November 8, 2011 — You’ve found the home, and now it’s time to figure out how you’ll finance it. Here is some basic information to help get you started.

Fixed Rate Mortgages
For those who prefer no surprises, the fixed rate mortgage is a popular choice. The loan is based on an interest rate that stays the same throughout the life of the loan so you’ll always know how much you can expect to spend.

Adjustable Rate Mortgages (ARMs)
Some consumers prefer ARMs during times of increasing rates or when they don’t plan to stay in their home for more than a few years. Initially, ARMs allow you to take advantage of rates that are generally set below current fixed rates. In exchange for the discount, you share a portion of the risk that rates may change over time. Generally, the rate adjusts up or down as the economic indicator on which the loan is based rises or falls.

Jumbo Loans
Different from other loans, the jumbo loan is set up specifically to accommodate mortgage amounts in excess of $417,000, although this amount is reviewed annually and adjusted again on Oct. 1. Jumbo loans typically carry a higher-than-average risk to the lender. To make up for this risk, slightly higher interest rates may apply.

Balloon Mortgages
Payments are calculated on a longer term (15-30 years) for balloon mortgages, with the agreement that the mortgage be paid in full with a balloon payment at the end of a predetermined period, generally five to seven years. The advantage of this loan is that interest rates are generally set below current market rates. Many balloon mortgage borrowers, however, refinance their loan before the balloon payment is due.
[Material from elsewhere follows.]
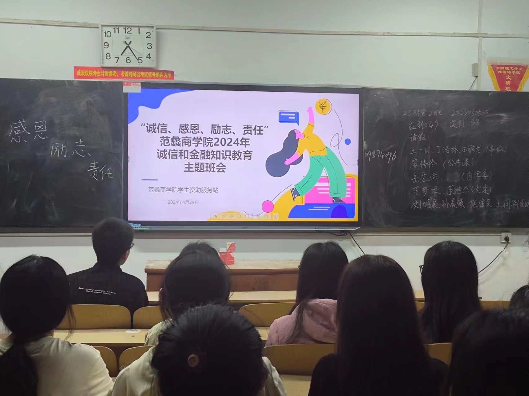 本网讯(通讯员/安俊丞)为深入贯彻党的二十大精神,提升全民金融素养,增强在校大学生的风险防范意识,扎实推进金融知识纳入国民教育体系的工作。同时增强我院学生辨别校园金融诈骗的能力,丰富大学生群体的金融知识。yl6809永利官网集团于4月29日举办“诚信、感恩、励志、责任” 2024年诚信和金融知识教育主题班会,学生资助服务站组织,大一各班同学参加。
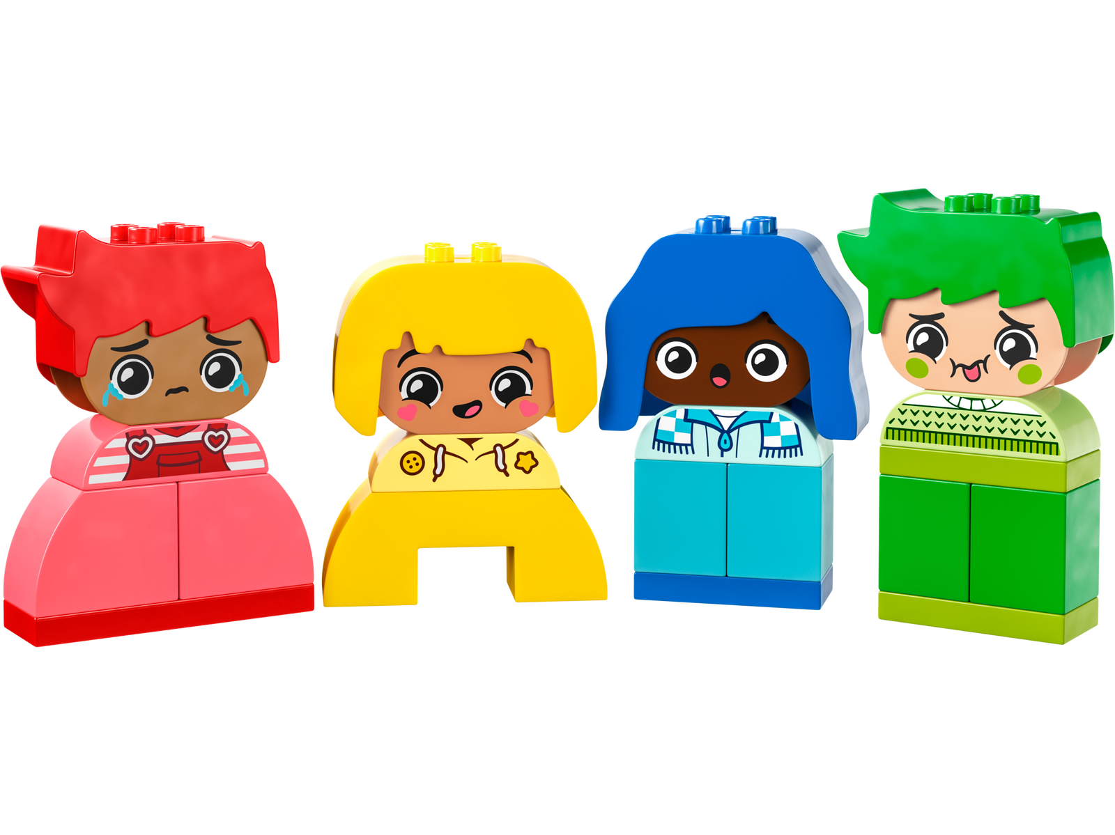 - Creative learning toys - By stacking the colored toy bricks, toddlers match or contrast the characters' wigs then choose how the LEGO DUPLO people are feeling with the expression bricks

This type of loan is popular for those who intend to resell their home before the balloon term is over because they may be able to save money paying the reduced rate.

Two-Step Loans
Two-steps are ARMs that have only one adjustment during the loan term. They let you take advantage of a reduced start rate of an ARM while still enjoying the security of a fixed rate for some time. The adjustment does not usually occur until several years into the loan term, so two-steps are particularly attractive to buyers who do not plan to stay in their new home for more than a few years.

The Term: In Easy Terms
In short, the term is the length of your loan. Usually, terms are 15 or 30 years, each with its own benefits. A shorter term carries a lower rate and higher monthly payments, but more money is saved over the long run while you build equity at a faster pace. A longer term carries a higher interest rate and a lower monthly payment, so it makes a larger mortgage more affordable. However, you build equity at a slower rate. Other terms, such as 20 or 25 years, are often available, too, depending on the type of loan you select.